Their friend of the court brief was one of seven filed this week petitioning the Supreme Court to take up the case, which the D.C. Circuit decided last year. If the Supreme Court takes up the case, it could change the way U.S. law treats citizenship in the territories.
The seven briefs point to the dated, race-based arguments in the 1920s-era Insular Cases that allowed the two-tiered citizenship, along with the fact that the Supreme Court itself stated at the time that the status was temporary.
The underlying case has to do with a Samoan national who was denied a job because of his citizenship status. In June of 2015, a three-judge federal appellate court for the Washington, D.C., circuit ruled in Tuaua v. United States that people born in the U.S. territory of American Samoa have no claim to U.S. birthright citizenship under the Citizenship Clause of the 14th Amendment to the U.S. Constitution.
Federal statutes currently classify American Samoans as “noncitizen nationals” of the United States, in contrast to the USVI, where residents are U.S. citizens by statute, but not necessarily by birthright.
Neal Weare, an attorney who has made citizenship and voting rights in the insular territories a personal cause, argued the case before the D.C. Circuit. Weare is president of We the People, a nonprofit that advocates for equal rights and representation in U.S. territories.
Leneuoti Tuaua, the lead plaintiff in the case, was denied the opportunity to pursue a career in law enforcement in California, where citizenship is a job requirement. Tuaua v. United States makes the case that Congress cannot legislate an exception to the Citizenship Clause of the Fourteenth Amendment to withhold citizenship from persons born in U.S. territories.
The territories petitioned to have the full circuit hear the case but were turned down in October.
In February, former U.S. Solicitor General Ted Olson filed a petition for certiorari seeking Supreme Court review of the D.C. Circuit’s decision holding that birthright citizenship is not a “fundamental right” in U.S. territories.
In a statement about her brief, Plaskett said her office has been working with Weare and the We the People Project for some time.
"Although this particular case is about birthright citizenship for American Samoans, it has implications for the equal treatment of the other territories under federal law by virtue of its challenge to the Insular Cases," Plaskett said.
"The Insular Cases today continues to hinder the full enjoyment of America’s democratic and constitutional principles by the residents of the Virgin Islands and other U.S. territories,” Plaskett said.
“Equal representation and protection under the constitution is important because of its implications on the progression of our communities.
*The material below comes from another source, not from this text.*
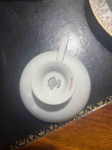 This item is a vintage porcelain teacup, specifically the underside view showing its base and characteristic backstamp. It is crafted from fine white hard-paste porcelain, a material renowned for its translucency and durability. The cup features a traditional footed base with a circular rim that elevates the body. The porcelain body is finished in a high-gloss white glaze, which appears largely intact with minor surface scuffing visible on the unglazed resting rim of the foot. The handle is slender and rectangular in profile, attached to the upper side of the vessel. A crucial identifying feature is the black backstamp within the footed circle, which reads 'Rauhenhammer Bavaria Germany' surrounding a stylized 'RJ' monogram inside a shield; this logo was used by the Porzellanfabrik Rauhenhammer (founded by Friedrich Christian Paul Müller) in the mid-20th century. Additionally, there is a hand-painted red numerical mark '672/2076' on the side of the foot rim, likely indicating a specific decorator pattern or production series number. The condition appears fair to good, with some darkening on the interior of the foot ring suggesting light use. The overall craftsmanship reflects the high standards of post-war German porcelain production, specifically from the Upper Franconia region of Bavaria. Based on the style of the mark, this piece likely dates from the 1950s or 1960s.

The inability to vote has a direct correlation to the poverty in our communities. Without equal representation, our voices are muted and our needs are not adequately met," she said.
The brief is signed by Plaskett, former V.I. Delegate Donna Christensen, former V.I. Govs. John deJongh Jr. and Charles Turnbull, Guam Delegate Madeleine Bordallo, former Guam Govs. Joseph Ada, Felix Camacho and Carl Gutierrez, former Puerto Rico Governor Pedro Rosselló and others.
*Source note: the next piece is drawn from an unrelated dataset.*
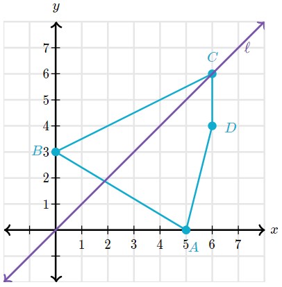 Quadrilateral A’B’C’D’ is the result of reflecting quadrilateral ABCD across the line ℓ.

It argues in part that "if birthright citizenship really is something that persons born in the territories enjoy only as a matter of legislative grace, then there is nothing to stop Congress from denying citizenship to persons born in Puerto Rico, Guam, the U.S. Virgin Islands or the Northern Mariana Islands tomorrow."
Because "it is not even clear that Congress could not revoke birthright citizenship of territorial residents who currently enjoy it," the decision "imperils the citizenship of everyone born in the U.S. territories," they argue.
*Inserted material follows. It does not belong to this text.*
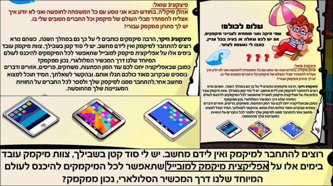 היי מיקמקים! במיקמקון החודשי, במדור של מיקה יש מיקמקים ששואלים שאלות והפעם היא בחרה מיקמק ששאל אותה אם יש דרך להתחבר למיקמק גם לא י=על יד המחשב מסוקרנים לדעת מה היא אמרה? תקראו בעצמכם! חח סורי פשוט אני רוצה להספיק:-0 עוד כמה דברים: צוות מיקמק מתכנן את זה המון זמן וצריך לקוות שזה גם לאנדרואיד וגם לאפל (אייפון) מקווה ש-♥ (תמונת יום?) כל הזכויות שמורות ל ♫ פיצהגבינה גרפיקה,ציורים,ועיצובים בע"מ ♫

Lead counsel on that brief is Paul Clement, an attorney with extensive experience before the Supreme Court.
The other six briefs were filed by:
– a group of law professors specializing in citizenship;
– a group of scholars of constitutional law and legal history;
– some prominent national Latin and Asian civil rights groups;
– an array of retired judges from U.S. territories;
– a group of international law professors;
– and the Puerto Rican Bar Association of New York.
According to Weare, a decision by the Supreme Court on whether it will take up the case is expected by the end of the term, which ends in June.